Speeches and Statements
Look at Texas Medical Schools
Thursday, March 15, 2007
There’s little debate that Texas needs more places to train doctors and nurses. The Code Red Report – an exhaustive and enlightening study of the state’s health care issues that was published by the UT System – lists this shortage of schools as one of our state’s primary healthcare challenges.
But Texas is big enough that its undeniable statewide healthcare needs can evaporate in the heat of inter-regional economic development politics. And, no doubt, new medical facilities will be a tremendous boon wherever they end up. What the state doesn’t have is an unvarnished look at what Texans truly need and where they need it.
Senate Bill 1919 would have created a commission to study how medical education resources have been allocated and distributed across Texas – and how much more we need to be doing. This bill was amended onto another one during the legislative session in 2007, but was ultimately vetoed by the Governor.
The commission would have consisted of appointees from each of the state’s major medical programs – the University of Texas System, the Texas A&M University System, the Texas Tech University System, the University of North Texas System, and the Baylor College of Medicine. The Governor, Lieutenant Governor, Speaker of the House, and Texas Higher Education Coordinating Board also would have appointed members.

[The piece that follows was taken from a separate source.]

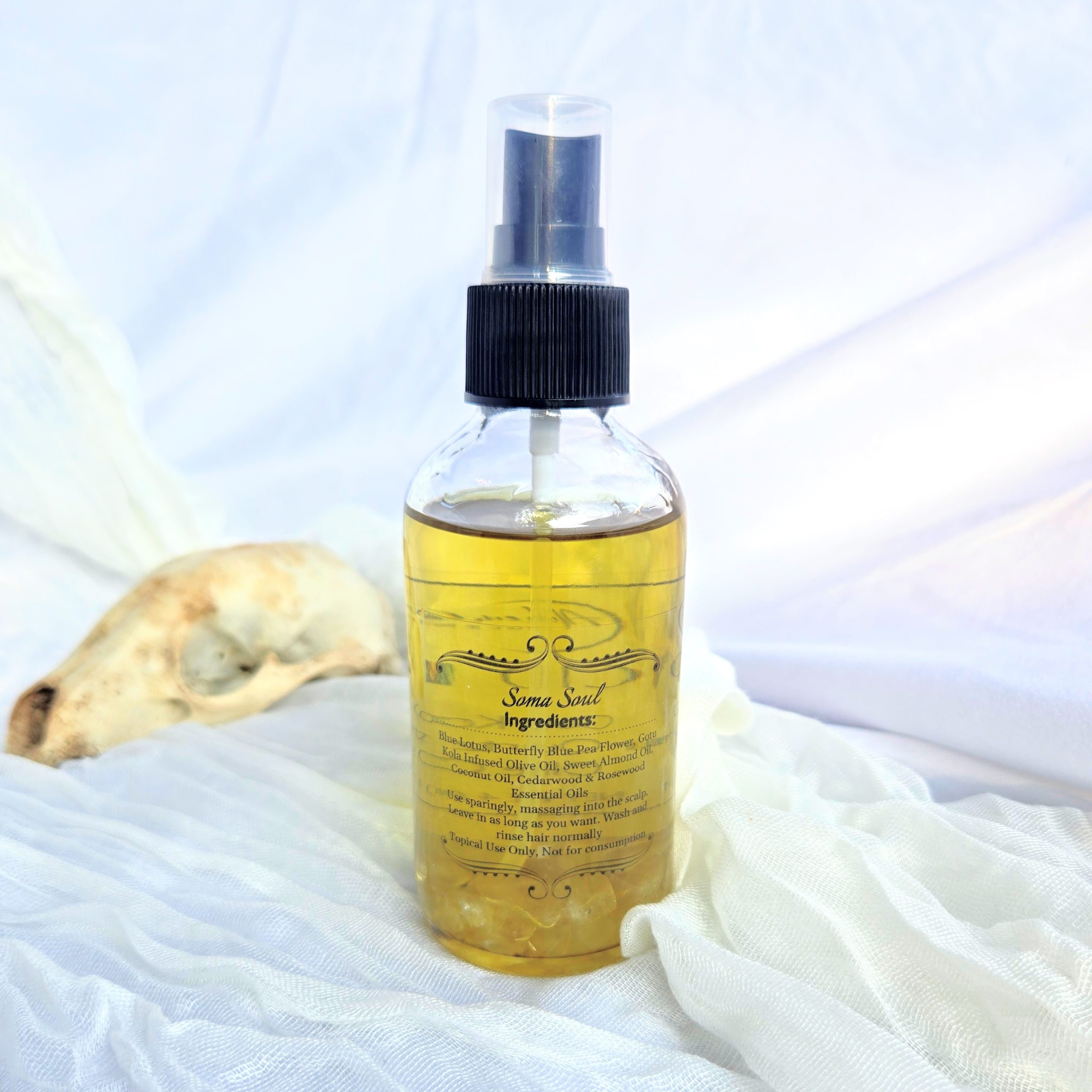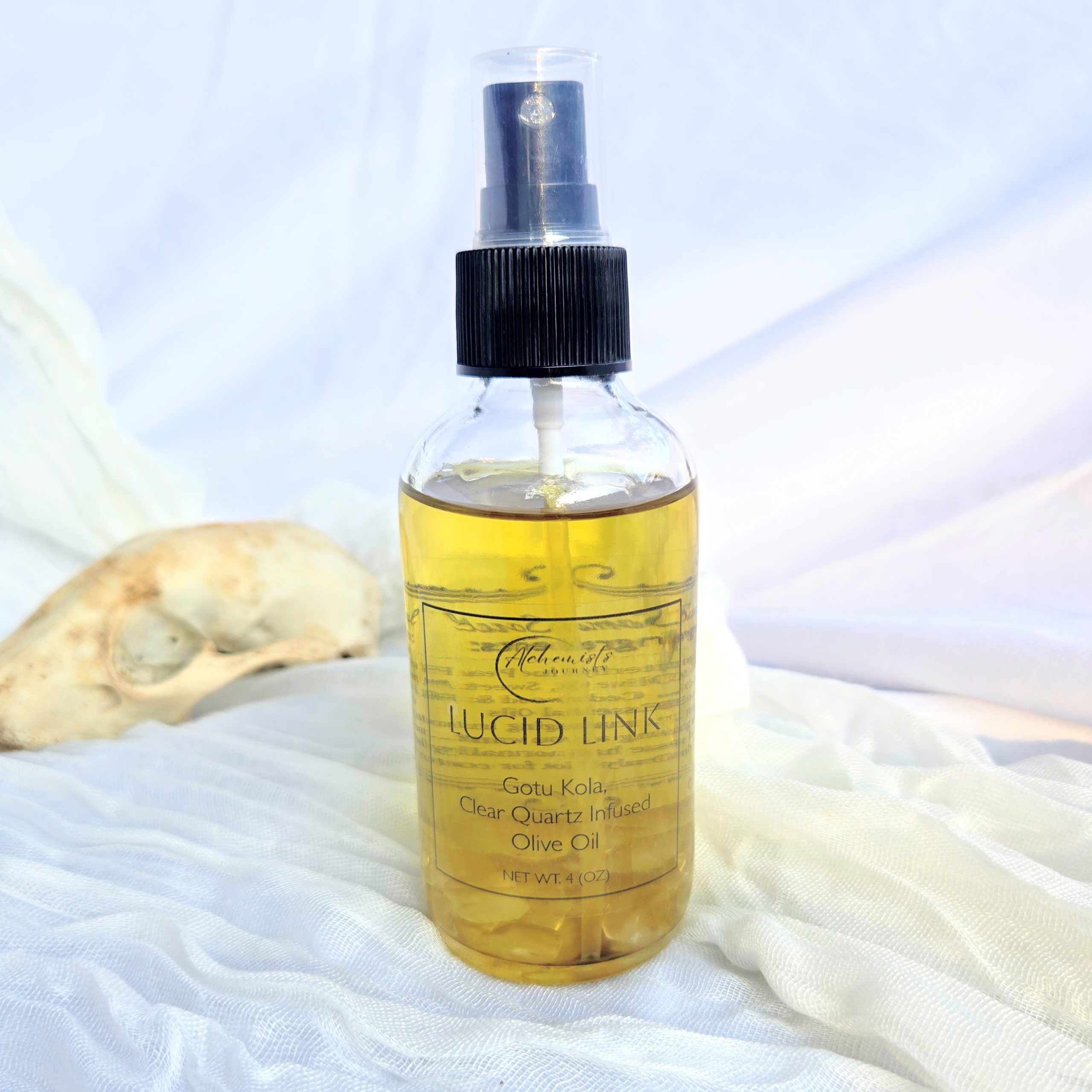 Lucid Link is an intentional hair oil crafted to serve as a conduit for dream work, meditation, and intuitive clarity. This potent formula features Blue Lotus and Butterfly Blue Pea Flower, known botanicals for spiritual connection and deep relaxation. The oil blend nourishes the scalp while helping you build a stronger connection to your subconscious mind and inner knowing. Lucid Link is a core component included in our comprehensive Manifest Ritual.

This distinguished group would have studied where and how the state has deployed its medical education resources. But it also would have attempted to nail down the need for a new medical school and other academic health programs, as well as the cost of creating them. And it would have tried to quantify the value of tying a medical school to a top-tier academic campus and studied the capacity of state institutions to take on a medical school or graduate medical education programs.
Texas needs something like this commission to remove the critical question of medical training from the unhealthy politics that keep us from answering it. We know that Texas needs to train more doctors and nurses, both for its people and its economy. It’s well past time that we got started.